U.S. dollar surges to highest level against Israeli shekel since 2009
Euro also gains ground as eurozone leaders talk up the common currency.
The American dollar and the euro continue to rise in value against the once-mighty shekel. Over the past week the greenback gained 2.2% on the shekel. Friday's representative rate was NIS 4.08, its highest level since 2009. And the euro crossed the NIS 5 barrier Friday, when the representative rate was set at nearly NIS 5.02.
The European currency gained 2.3% in value against the shekel last week, even besting the dollar's rise. The British pound began the week at NIS 6.27 and closed it with a representative rate of NIS 6.40.
The dollar's performance last week was similar to its performance against other currencies around the world, as investors have sought a haven in the U.S. currency amid concerns over a global slowdown and an even worse European debt crisis.
The dollar's strength against the shekel was supported by economic indicators of slower growth in Israel, a bellwether of possible further devaluation of the shekel in the future. "It doesn't appear that the local economy constitutes an attractive alternative for foreign investors," Bank Leumi said in its weekly survey Friday.
Internationally, there are some indications that investors are embracing risk again. Traders saw fewer reasons to buy ultra-safe investments such as U.S. government bonds at week's end, after key European leaders pledged to protect the union of 17 countries that use the euro. The 10-year U.S. Treasury note yielded 1.54% on Friday, up from 1.44% late Thursday. Its price fell 90 cents per $100 traded.
German Chancellor Angela Merkel and French President Francois Hollande released a joint statement Friday saying they were "determined to do everything to protect the eurozone." That followed a similar pledge the day before from Mario Draghi, president of the European Central Bank. It was a show of unity by leaders of the eurozone's two biggest economies and helped lift investors' anxiety.
The yield on the benchmark 10-year U.S. Treasury bonds soared Friday as investors moved out of bonds and into stocks. Bond yields rise when demand for them weakens. The Dow Jones industrial average blew past 13,000, a key psychological marker that it hadn't hit since early May. The Nasdaq composite index rose 2.2% on Friday, closing at 2,958.09.

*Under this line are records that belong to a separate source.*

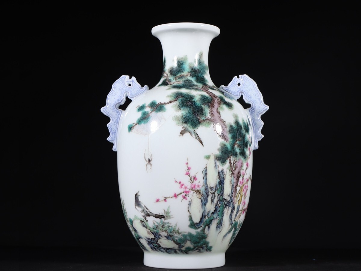 - 「清 乾隆年製 陶磁器 琺瑯彩花鳥詩文 双耳瓶」染付 置物 擺件 古賞物 中国古美術 旧蔵出
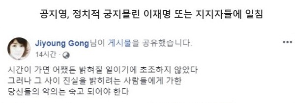 이어 “시간이 가면 어쨌든 밝혀질 일이기에 초조하지 않았다”며 “그러나 그사이 진실을 밝히려는 사람들에게 가한 당신들의 악의는 숙고돼야 한다”고 지적했다.
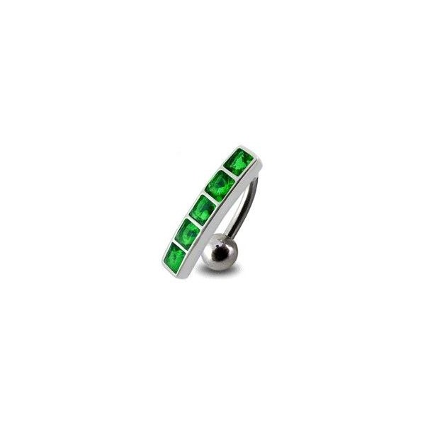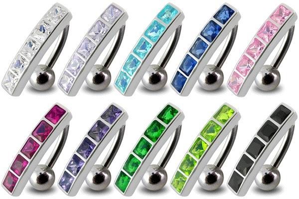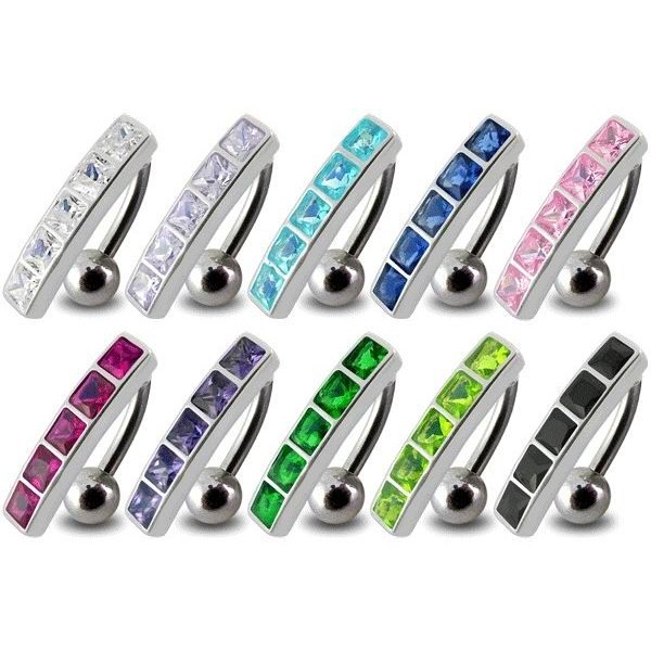 Obrácený stříbrný piercing do pupíku se štítem zdobeným čtvercovými zirkony
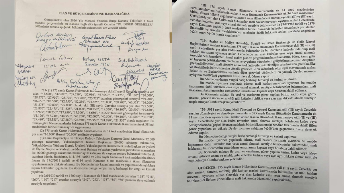 Gözler asgari ücret ve emekli maaşlarına çevrilmişken, TBMM Plan ve Bütçe Komisyonu'nda sessiz sedasız bir "elit zam" kararı alındı. Dün gece geç saatlerde verilen önergeyle, kamudaki üst düzey yöneticiler ve kariyer meslek grupları için maaşlarda devasa bir artışa gidildi. 2026 bütçesine eklenen maddeyle, yaklaşık 10 bin kişiyi kapsayan "seçkin" bir zümreye ayda 30 bin liraya kadar ek ödeme yapılacak.
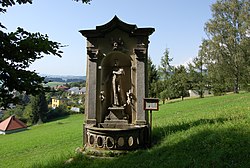 | Die Figur des Heiligen Johannes Nepomuk bei der Wallfahrtskirche Maria Trost in Berg bei Rohrbach (Oberösterreich) stammt aus der Zeit um 1750. Dieses Bild zeigt das in Österreich unter der Nummer 13987 denkmalgeschützte Objekt. ( Commons , de , Wikidata ) | Eigenes Werk | Michael Kranewitter | Datei:Figurenbildstock heiliger Johannes Nepomuk II.jpg |
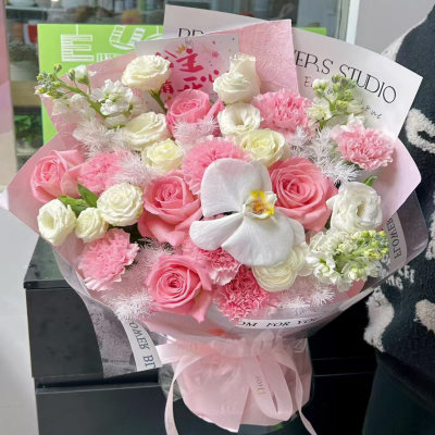 9支粉色康乃馨 5支粉色戴安娜 1支白色蝴蝶兰 4支白玫瑰 3支白色紫罗兰 洋桔梗 白色蓬莱松搭配
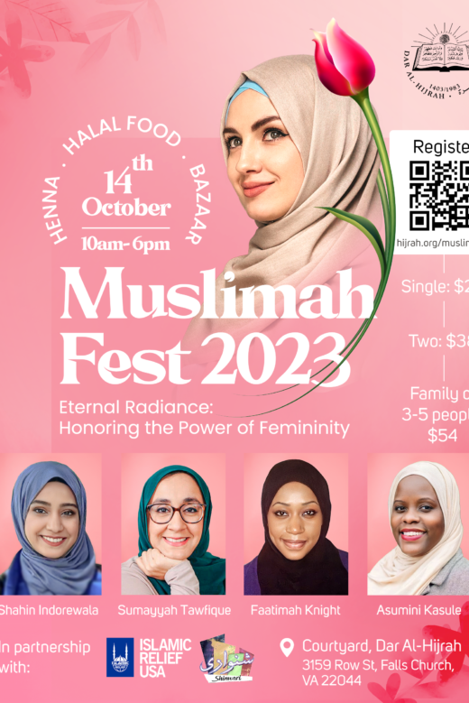 Muslimah Fest is an annual conference and bazaar for the women of Dar al-Hijrah and the greater community. Goals include women's empowerment, spiritual upliftment, community building, and social networking. This year's THEME is: Eternal Radiance: Honoring the Power of Femininity
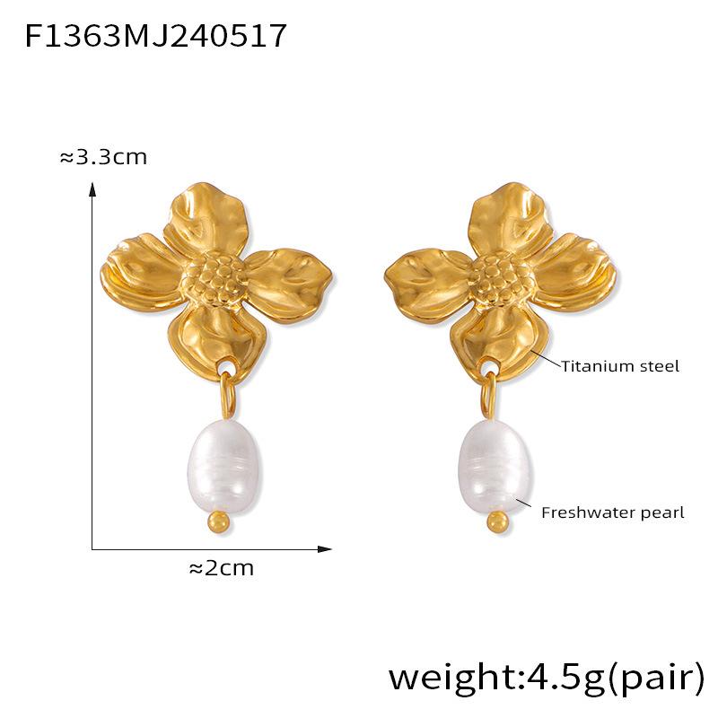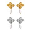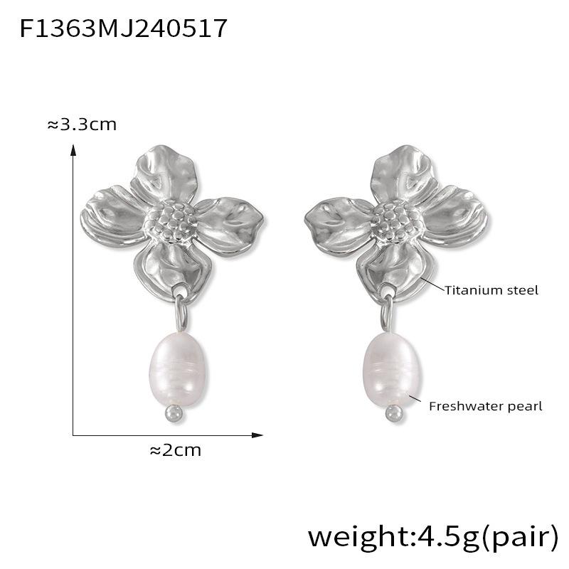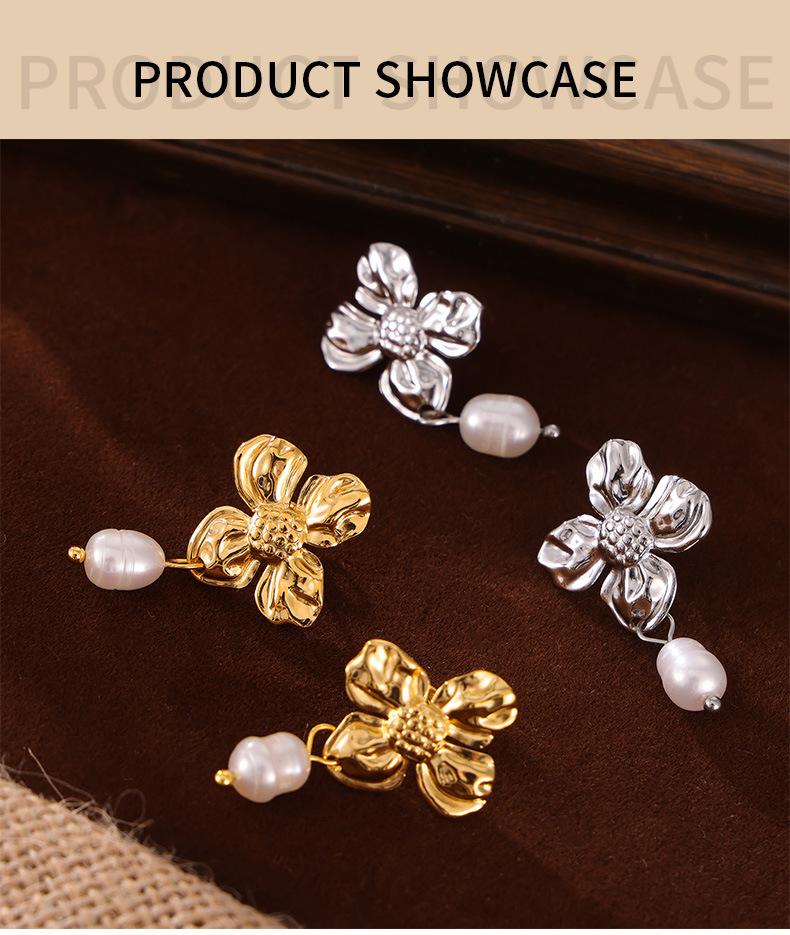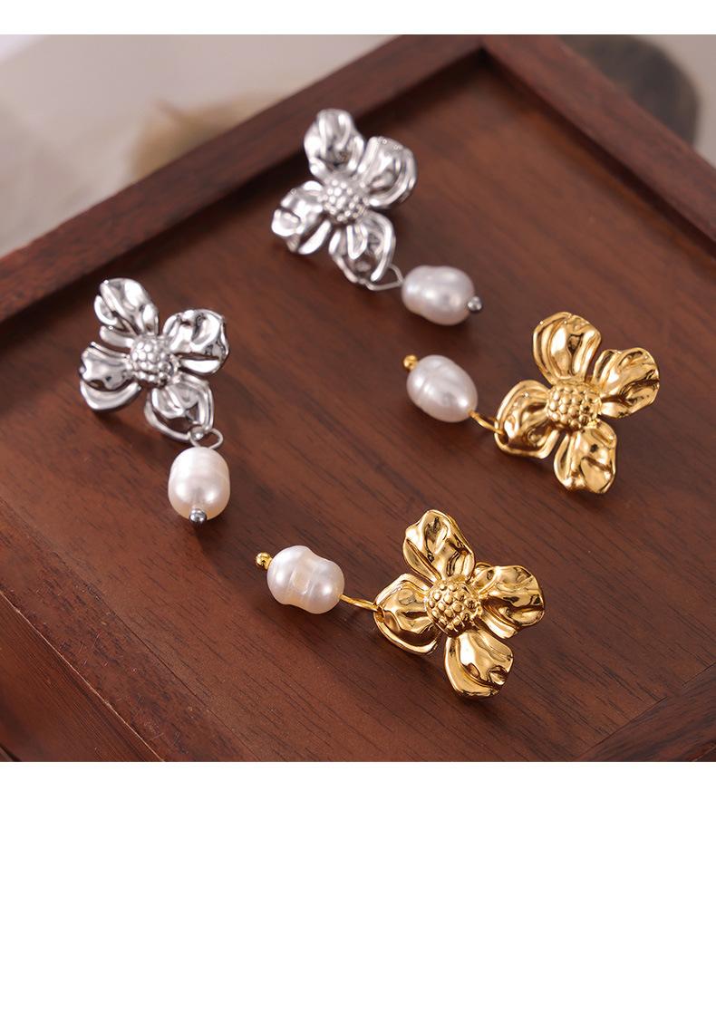 Hepburn Elegante Elegante Pérola de Água Doce Pingente Brincos Feminino Nicho Textura Flor Design Elegante Elegante Brincos

The U.S. Federal Reserve and the European Central Bank both meet this week amid investor expectations of action to stimulate economic growth and, in the case of the ECB, tackle the spreading eurozone debt crisis. Equity prices tend to rise sharply in the hours before a Fed statement, like the one expected on Wednesday as traders and investors jockey for position and a chance to make a profit.